* Collection entries
*-*-*

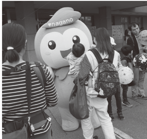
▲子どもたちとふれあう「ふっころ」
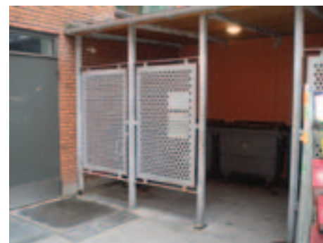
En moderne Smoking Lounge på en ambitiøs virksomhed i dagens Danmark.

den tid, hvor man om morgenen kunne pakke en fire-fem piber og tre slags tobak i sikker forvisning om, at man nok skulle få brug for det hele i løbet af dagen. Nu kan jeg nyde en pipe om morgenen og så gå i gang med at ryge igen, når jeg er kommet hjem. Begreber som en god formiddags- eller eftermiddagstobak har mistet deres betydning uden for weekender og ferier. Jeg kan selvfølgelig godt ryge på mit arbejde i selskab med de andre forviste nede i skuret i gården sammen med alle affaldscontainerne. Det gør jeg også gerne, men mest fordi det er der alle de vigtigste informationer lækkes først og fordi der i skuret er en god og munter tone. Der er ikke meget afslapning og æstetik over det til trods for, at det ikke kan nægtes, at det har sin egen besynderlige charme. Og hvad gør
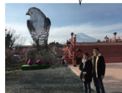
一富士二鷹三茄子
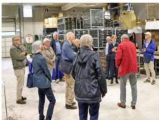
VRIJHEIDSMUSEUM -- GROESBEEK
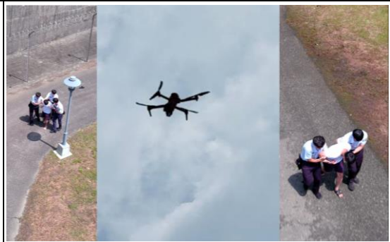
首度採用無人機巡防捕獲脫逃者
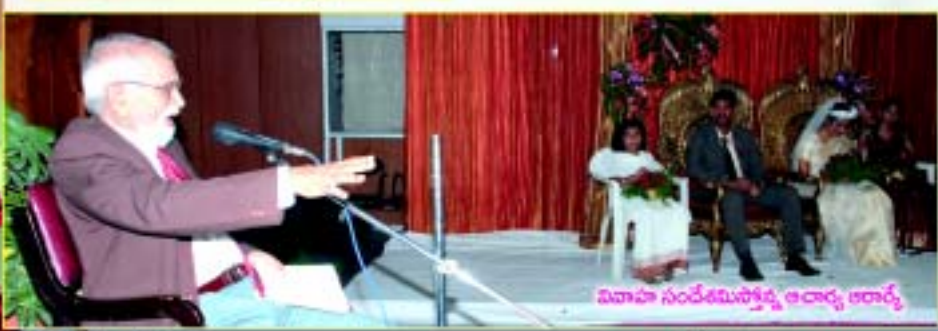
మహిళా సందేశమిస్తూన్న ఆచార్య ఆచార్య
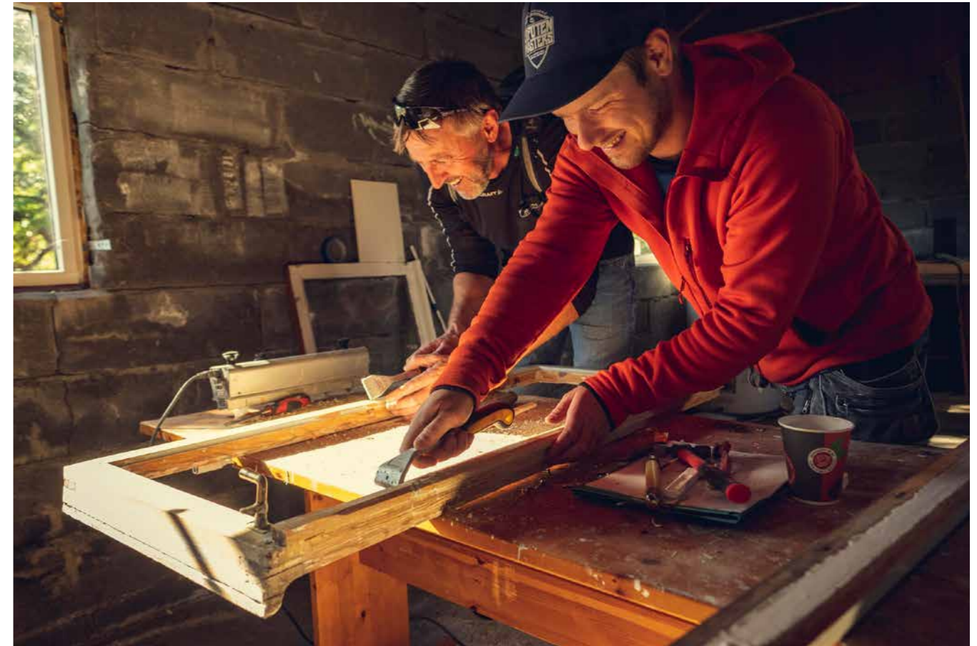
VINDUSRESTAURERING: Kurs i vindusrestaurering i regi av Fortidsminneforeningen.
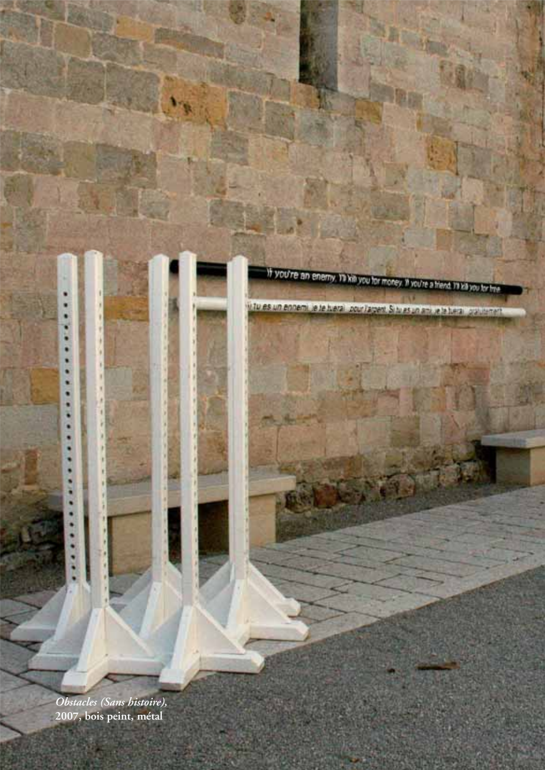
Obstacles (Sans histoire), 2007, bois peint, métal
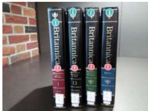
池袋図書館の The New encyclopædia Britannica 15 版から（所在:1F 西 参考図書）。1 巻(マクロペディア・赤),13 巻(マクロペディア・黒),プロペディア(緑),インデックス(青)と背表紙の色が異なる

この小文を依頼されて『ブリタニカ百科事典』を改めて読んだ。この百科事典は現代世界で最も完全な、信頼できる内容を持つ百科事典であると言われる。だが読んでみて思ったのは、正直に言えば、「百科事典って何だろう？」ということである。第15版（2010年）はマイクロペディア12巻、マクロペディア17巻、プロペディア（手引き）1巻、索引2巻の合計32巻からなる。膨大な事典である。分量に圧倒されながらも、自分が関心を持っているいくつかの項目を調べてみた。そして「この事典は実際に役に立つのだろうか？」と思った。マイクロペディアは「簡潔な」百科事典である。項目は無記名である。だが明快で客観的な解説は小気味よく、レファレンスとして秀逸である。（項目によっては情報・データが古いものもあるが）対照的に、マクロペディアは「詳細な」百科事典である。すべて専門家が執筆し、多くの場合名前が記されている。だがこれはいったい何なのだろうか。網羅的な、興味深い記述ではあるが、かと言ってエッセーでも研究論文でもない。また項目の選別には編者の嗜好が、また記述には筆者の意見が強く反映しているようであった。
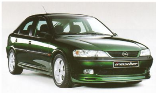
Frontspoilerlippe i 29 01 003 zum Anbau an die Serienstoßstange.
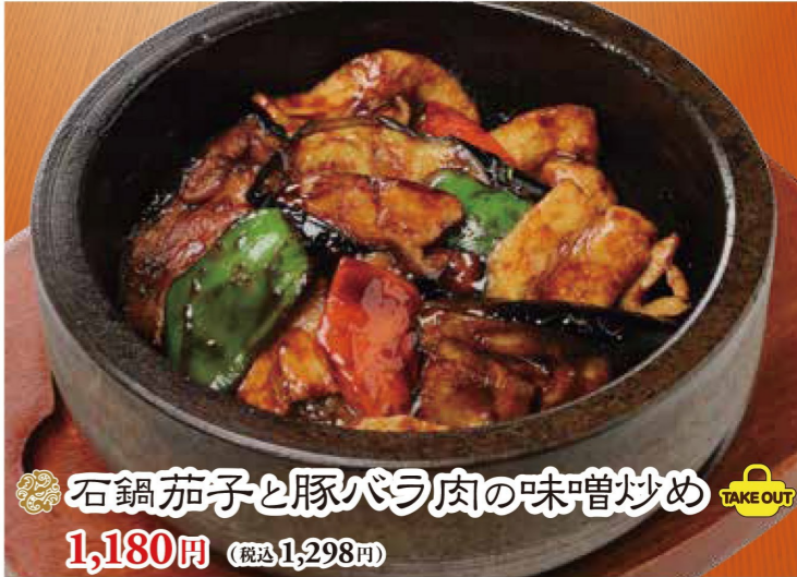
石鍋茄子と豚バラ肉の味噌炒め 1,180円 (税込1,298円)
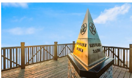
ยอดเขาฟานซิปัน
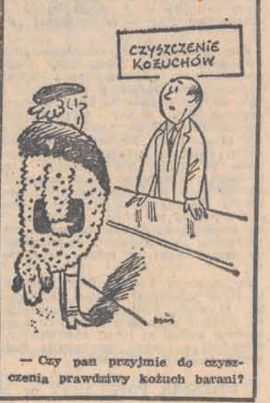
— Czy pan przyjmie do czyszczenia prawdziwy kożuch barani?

*-*-*

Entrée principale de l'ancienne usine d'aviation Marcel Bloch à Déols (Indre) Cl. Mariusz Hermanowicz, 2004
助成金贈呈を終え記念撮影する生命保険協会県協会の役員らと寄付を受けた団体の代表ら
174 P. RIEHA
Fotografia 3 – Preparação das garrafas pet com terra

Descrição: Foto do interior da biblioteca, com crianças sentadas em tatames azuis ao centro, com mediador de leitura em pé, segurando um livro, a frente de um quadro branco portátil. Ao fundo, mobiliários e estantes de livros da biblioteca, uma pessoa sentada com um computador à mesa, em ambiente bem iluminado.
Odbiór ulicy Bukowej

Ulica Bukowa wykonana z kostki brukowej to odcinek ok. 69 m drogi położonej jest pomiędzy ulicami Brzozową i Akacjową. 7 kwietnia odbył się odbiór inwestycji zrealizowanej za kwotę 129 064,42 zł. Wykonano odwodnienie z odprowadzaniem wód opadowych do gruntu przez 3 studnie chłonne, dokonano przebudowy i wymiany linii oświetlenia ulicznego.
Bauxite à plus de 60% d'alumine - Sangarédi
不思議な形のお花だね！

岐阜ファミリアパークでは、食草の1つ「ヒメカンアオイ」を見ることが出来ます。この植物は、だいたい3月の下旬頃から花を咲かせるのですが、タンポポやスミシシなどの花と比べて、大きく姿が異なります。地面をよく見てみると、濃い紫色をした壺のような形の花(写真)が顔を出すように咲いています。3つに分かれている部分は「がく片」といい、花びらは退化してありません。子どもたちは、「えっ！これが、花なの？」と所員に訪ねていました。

*-*-*

* WHAT THE TASK REQUIRES
Please, from the entries above, set down exactly the lines from the one containing "174 P. RIEHA" through the one containing "岐阜ファミリアパークでは、食", and only those.

* SOLUTION BELOW
174 P. RIEHA
Fotografia 3 – Preparação das garrafas pet com terra

Descrição: Foto do interior da biblioteca, com crianças sentadas em tatames azuis ao centro, com mediador de leitura em pé, segurando um livro, a frente de um quadro branco portátil. Ao fundo, mobiliários e estantes de livros da biblioteca, uma pessoa sentada com um computador à mesa, em ambiente bem iluminado.
Odbiór ulicy Bukowej

Ulica Bukowa wykonana z kostki brukowej to odcinek ok. 69 m drogi położonej jest pomiędzy ulicami Brzozową i Akacjową. 7 kwietnia odbył się odbiór inwestycji zrealizowanej za kwotę 129 064,42 zł. Wykonano odwodnienie z odprowadzaniem wód opadowych do gruntu przez 3 studnie chłonne, dokonano przebudowy i wymiany linii oświetlenia ulicznego.
Bauxite à plus de 60% d'alumine - Sangarédi
不思議な形のお花だね！

岐阜ファミリアパークでは、食草の1つ「ヒメカンアオイ」を見ることが出来ます。この植物は、だいたい3月の下旬頃から花を咲かせるのですが、タンポポやスミシシなどの花と比べて、大きく姿が異なります。地面をよく見てみると、濃い紫色をした壺のような形の花(写真)が顔を出すように咲いています。3つに分かれている部分は「がく片」といい、花びらは退化してありません。子どもたちは、「えっ！これが、花なの？」と所員に訪ねていました。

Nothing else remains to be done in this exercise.